## Collected data
----
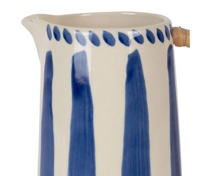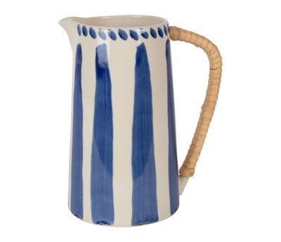 Añade un toque mediterráneo a tu mesa con la Jarra Riviera, una pieza artesanal elaborada en gres de alta calidad con un delicado esmaltado en rayas azules. Su diseño elegante se complementa con un asa de ratán natural, que aporta calidez, textura y un aire rústico sofisticado. Ideal para servir agua, zumos o como florero decorativo, esta jarra combina funcionalidad y estilo con un encanto atemporal.
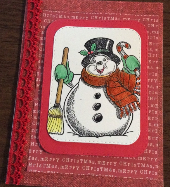 Favorite snowman embossed, colored put on pp ,red lace trim
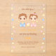 Bebés personalizados, niños y chicas, con toallitas azules y rosas y bibs amarillos con sondas que hacen juego. Agradable y original invitación para el cumpleaños de los gemelos.
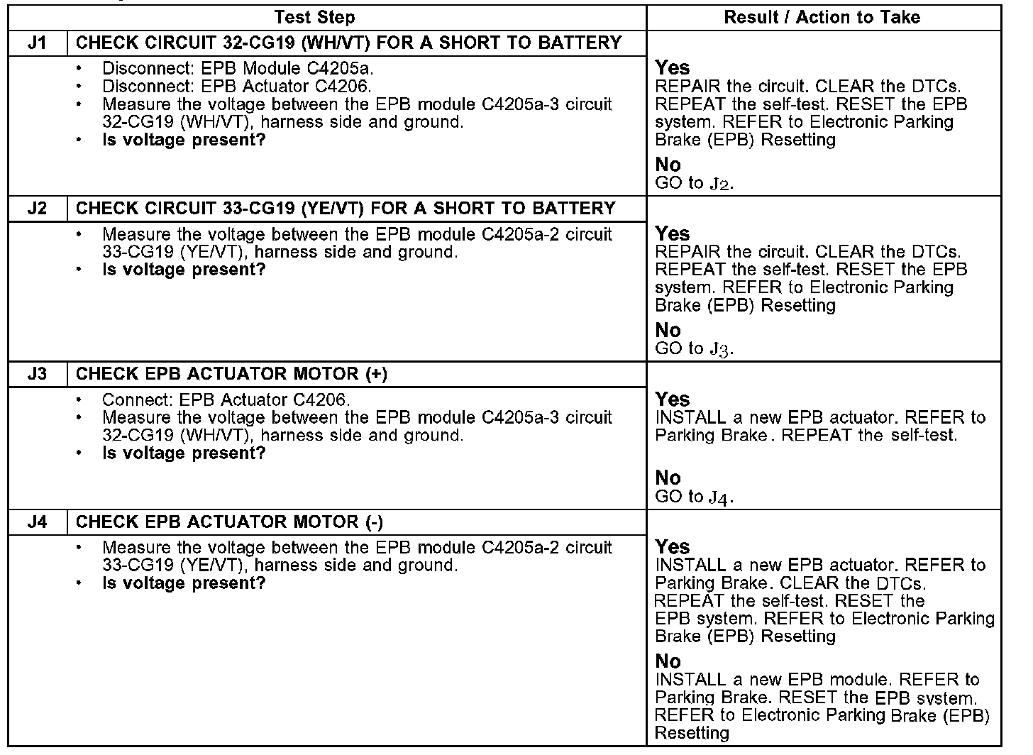 PINPOINT TEST J: DTC C1786: EPB MOTOR OUTPUT CIRCUIT SHORT TO BATTERYTests J1 - J4:
----
## Action item
With pictures left out, extract the lines from the one containing "Bebés personalizados, niños" to the end of the material above, both included, exactly as written.

## Problem solution
 Bebés personalizados, niños y chicas, con toallitas azules y rosas y bibs amarillos con sondas que hacen juego. Agradable y original invitación para el cumpleaños de los gemelos.
 PINPOINT TEST J: DTC C1786: EPB MOTOR OUTPUT CIRCUIT SHORT TO BATTERYTests J1 - J4:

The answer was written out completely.